Lassen Sie uns an dieser Stelle nicht vergessen, dass auch andere Stellen viel Gutes in der Patientenberatung leisten. Ich denke dabei in erster Linie an die Ärzte, aber auch an die freien Beratungsstellen, die zum Teil ehrenamtlich arbeiten. Auch das muss in dieser Diskussion einmal gesagt werden.

(Beifall bei der CDU/CSU)

Sie schlagen in Ihrem Antrag vor, die bewährte Finanzierungsstruktur der UPD umzubauen. Das überzeugt mich, ehrlich gesagt, nicht. Ihnen schwebt doch nichts anderes vor als eine gesetzlich verordnete Zwangsfinanzierung durch die Krankenkassen. Wie Sie das schaffen wollen, dazu steht in Ihrem Antrag allerdings keine Silbe. Private Krankenversicherungen können Sie nämlich nicht einfach zur Gewährung einer entsprechenden Regelleistung zwingen.

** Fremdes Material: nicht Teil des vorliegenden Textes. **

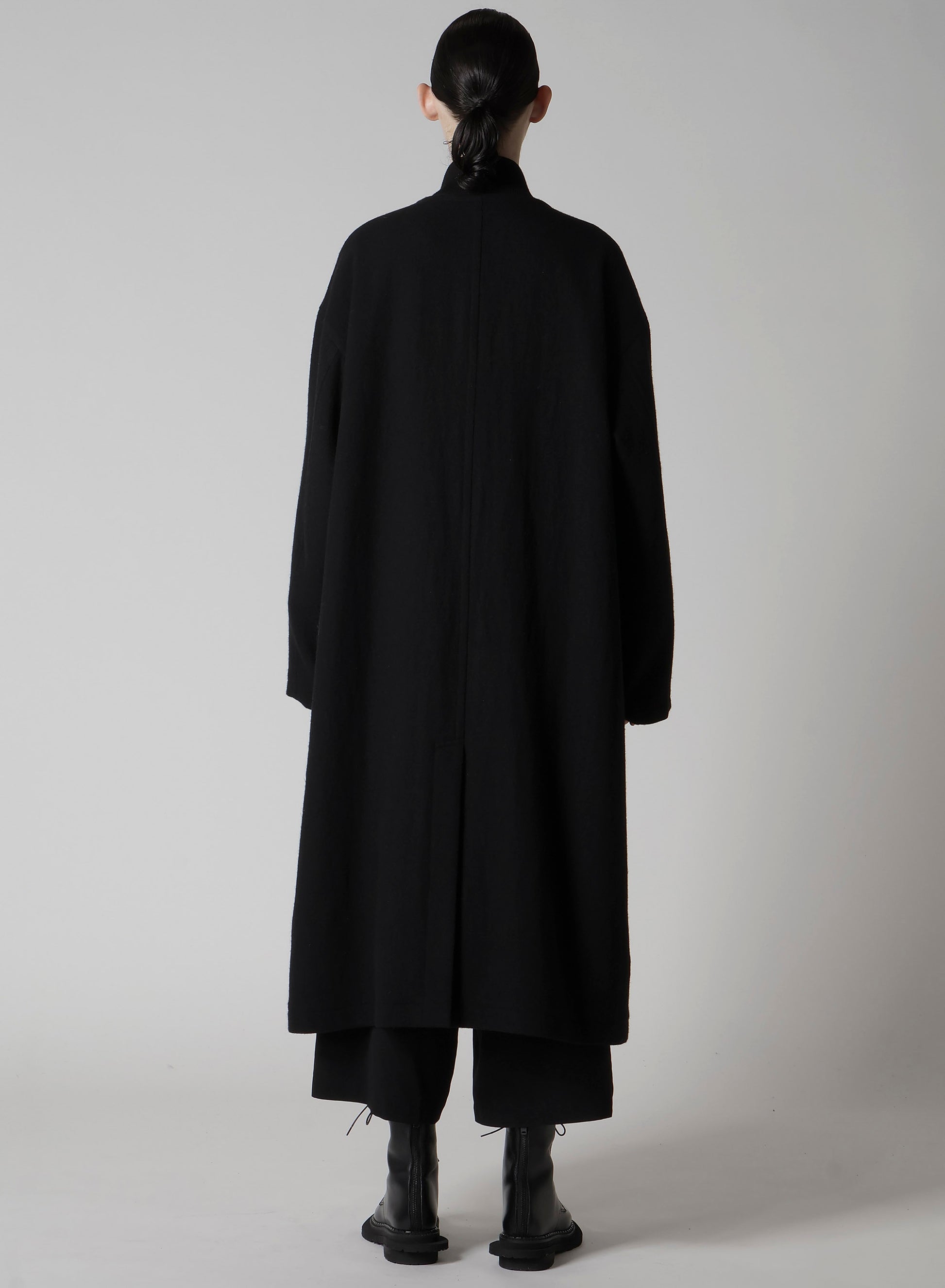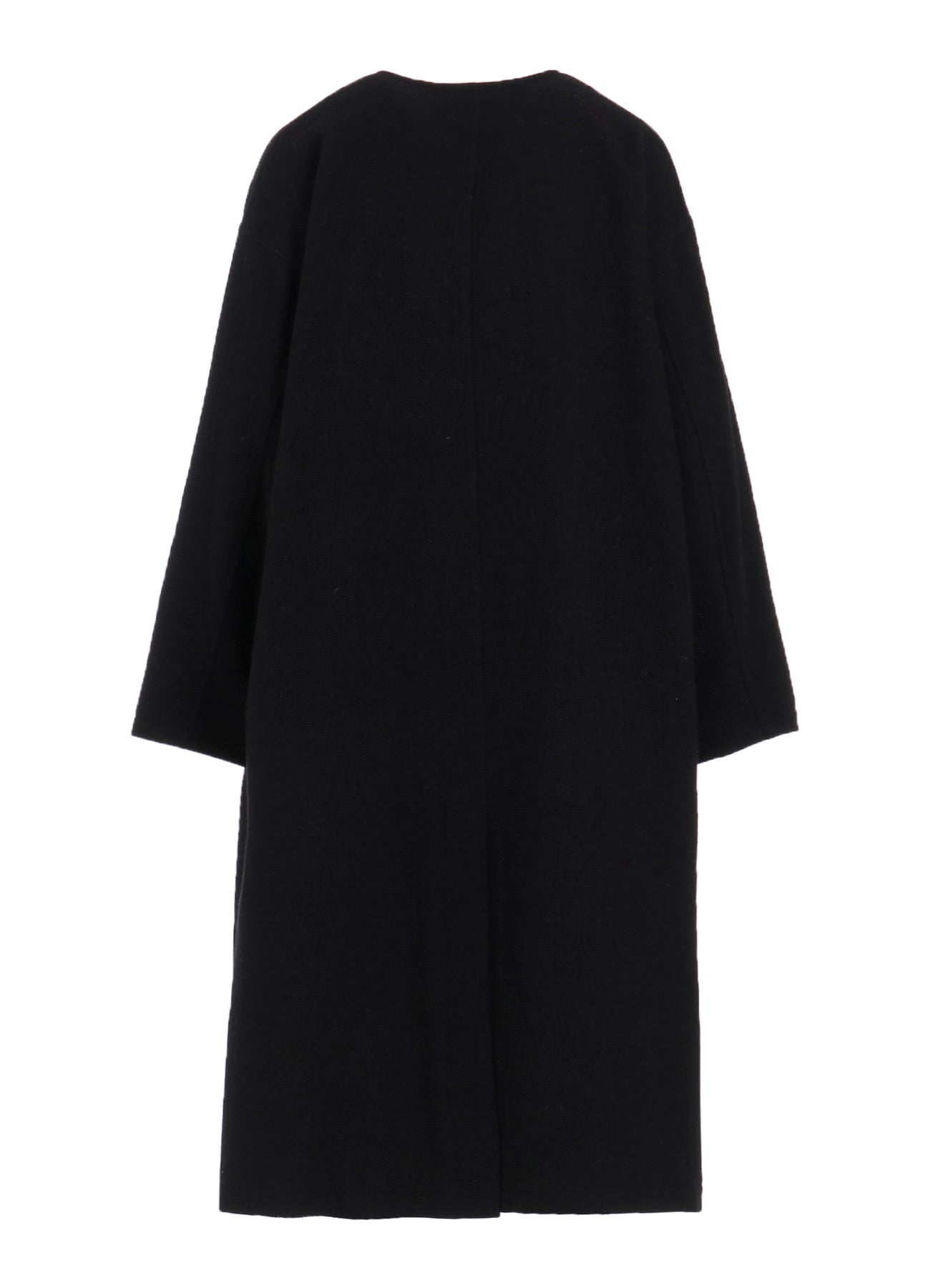 This flannel no-collar coat features a soft feel and is made from sustainable vintage flannel fabric using recycled wool yarns. The tumbler finish lends it a warm texture with some surface irregularity. Designed for a loose and light fit, it allows for comfortable layering, such as with inner down garments.

Sie begründen das alles mit Konfliktpotenzial, mit möglicher Beeinflussung, mit angeblich fehlender Neutralität. Ich sage Ihnen: Die Behauptung allein ist zu wenig. Schon heute ist es den Kassen gesetzlich verboten, die Beratung der UPD inhaltlich oder dem Umfang nach zu beeinflussen. Mir liegen keine Anhaltspunkte dafür vor, dass sich die Krankenkassen in die Beratungstätigkeit der UPD inhaltlich einmischen würden. Ebenso wenig gibt es übrigens belastbare Hinweise darauf, dass sie ihren Finanzierungsaufgaben nicht nachkämen. Bevor ich bereit bin, die organisatorische Konstruktion der UPD anzutasten, erwarte ich von Ihnen mehr als bloße Behauptungen und Mutmaßungen, ganz besonders dann, wenn ein Verstoß gegen ein Gesetz im Raum steht.

Wir haben vor drei Jahren das Modell zur Regel gemacht und stehen selbstverständlich weiterhin unabdingbar hinter der Unabhängigen Patientenberatung. Ein weiterer Garant für die Unabhängigkeit der UPD ist der Patienten- und Pflegebeauftragte der Bundesregierung, Karl-Josef Laumann.

Die Patientenberatung ist aber auch ein lernendes System. Dazu gehört, das System auch lernen zu lassen und nicht voreilig und unüberlegt daran herumzubasteln.

(Beifall bei der CDU/CSU)

Meine sehr verehrten Damen und Herren, wir haben – damit möchte ich auch schließen – in den letzten Jahren viel für die Patienten erreicht. Wo es sinnvoll ist, sind wir auch immer für Gespräche offen.

Ein gesunder Mensch hat viele Wünsche, ein kranker nur einen Wunsch. Ich wünsche Ihnen und uns allen, dass wir viele Wünsche haben. Aber deswegen ist der Deutsche Bundestag noch lange kein Wunschkonzert.

Vielen Dank.

(Beifall bei der CDU/CSU – Maria Klein-Schmeink [BÜNDNIS 90/DIE GRÜNEN]: Oh!)